Shared Mobility-on-Demand (MoD) has tremendously reshaped the transportation patterns in urban areas. The prosperity of Big Data and 5G network technology brings new challenges to shared MoD systems. Specifically, the major challenges in shared MoD systems under the data-driven environment include dynamic environment, stochasticity, large-scale optimization, and Big Data characteristics. In this research, we identify shared MoD management as a resource allocation problem in the two-sided market environment. Further, we adopt optimization under uncertainty modeling techniques to address the resource allocation issues for shared MoD systems. To improve the performance of the shared MoD systems under the data-driven environment considering uncertain parameters, we propose a generic learning-based data-driven optimization framework and apply it to three shared MoD optimization issues.

Specifically, we develop a generic learning-based data-driven optimization framework that integrates data processing, feature engineering, machine & deep learning approaches, reformulation, and decomposition algorithms to optimize the resource allocation problems in shared MoD systems. The research involves three synergistic shared MoD areas. (1) Kernel density enabled stochastic programming modeling for proactive vehicle allocation and reactive relocation in the car-sharing system. We design a data-driven optimization framework that seamlessly integrates kernel density estimation and a two-stage stochastic programming model to address the issue. (2) Mixture density networks enabled stochastic programming modeling for dynamic proactive idle vehicle guidance in the ride-hailing system. We design a novel deep neural network and integrate it with a one-stage stochastic programming model to guide the idle vehicle to alleviate the supply-demand gap in the ride-hailing region. (3) Dynamic data-driven robust optimization modeling for ride-sharing matching problems under travel time uncertainty. We develop a data-driven robust optimization framework that organically integrates gated recurrent networks, a one-stage robust optimization model, model reformulation, and a hybrid meta-heuristic algorithm to address the ride-sharing participants matching issue. Based on these research points, this Ph.D. thesis is a compilation of three published or submitted journal papers.

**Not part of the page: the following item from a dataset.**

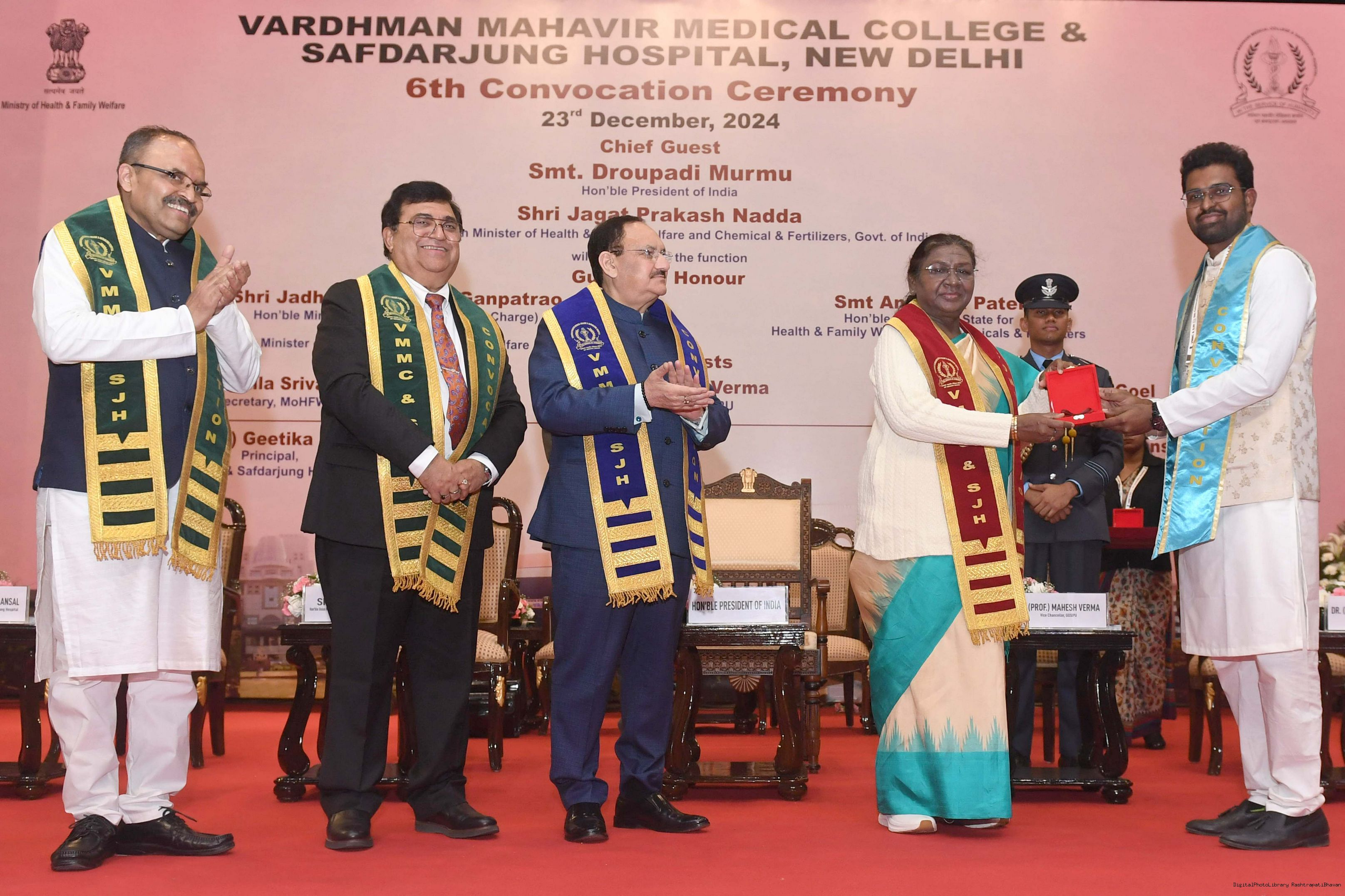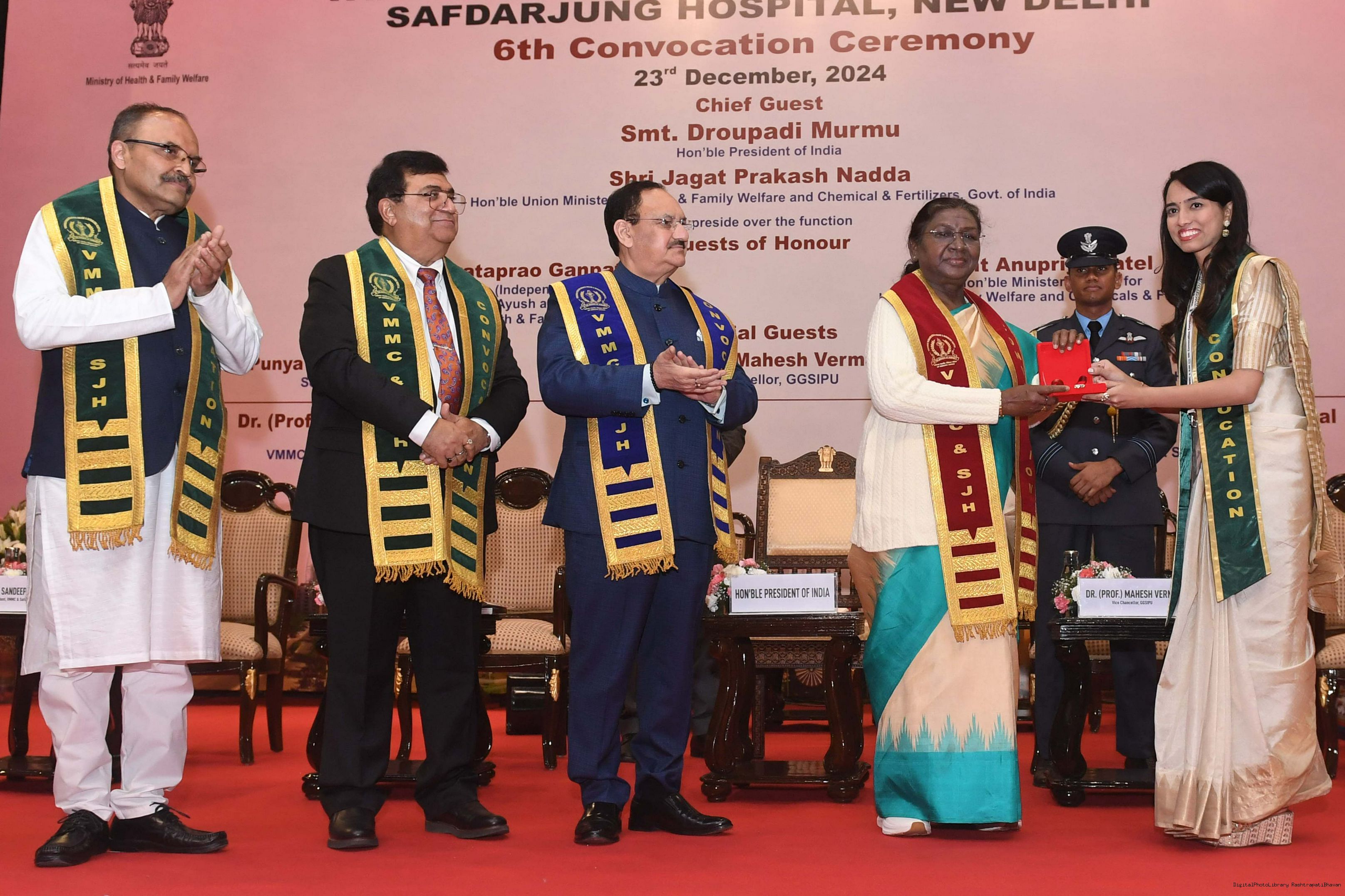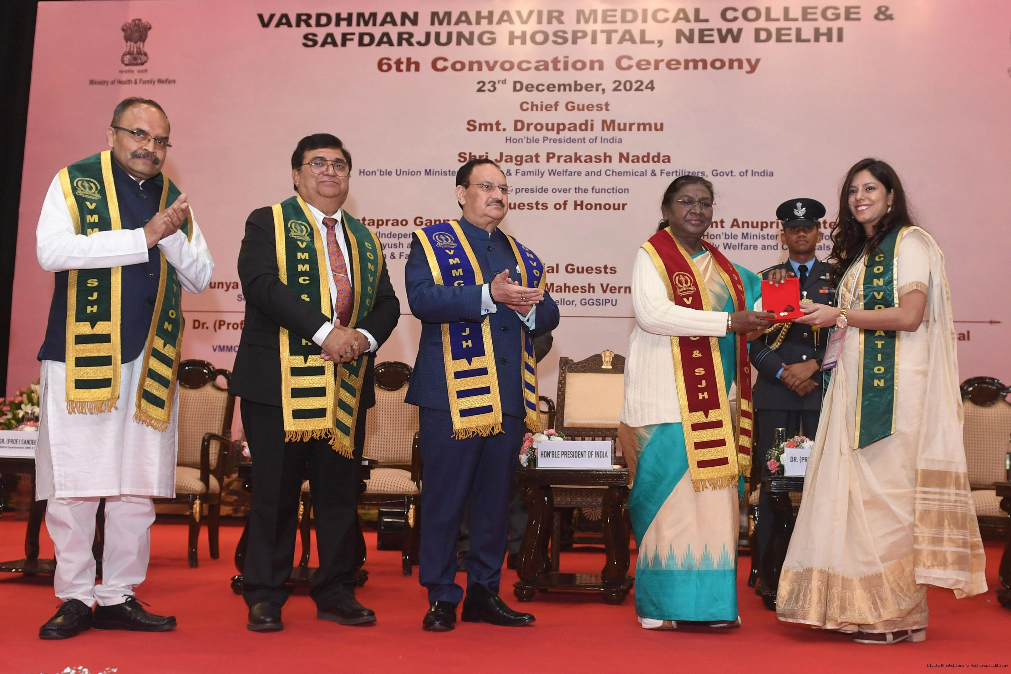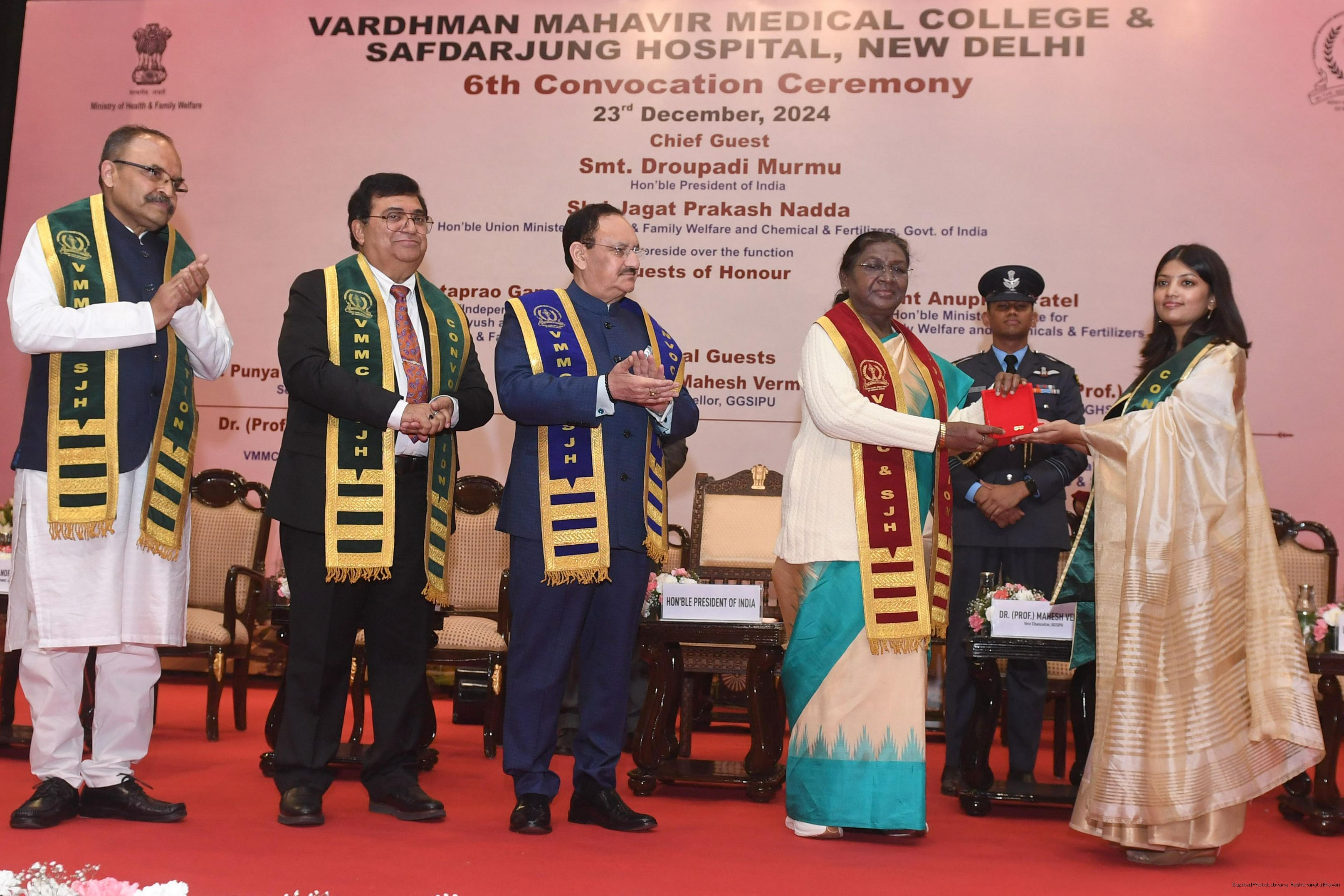 | Caption: | The President of India, Smt Droupadi Murmu graced the convocation ceremony of Vardhman Mahavir Medical College and Safdarjung Hospital in New Delhi on December 23, 2024. |

To sum up, this Ph.D. thesis presents a general data-driven optimization framework that organically integrates the artificial intelligence (AI) paradigm, including machine and deep learning approaches with optimization under uncertainty modeling techniques. Driven by AI techniques, the learning-based data-driven optimization framework can address the resource allocation problems in shared MoD systems by hedging against the uncertainty in a decent way. Further, the proposed approach is not limited to the shared MoD systems. Still, it can be applied to other relevant fields by replacing the learning and optimization components in the framework.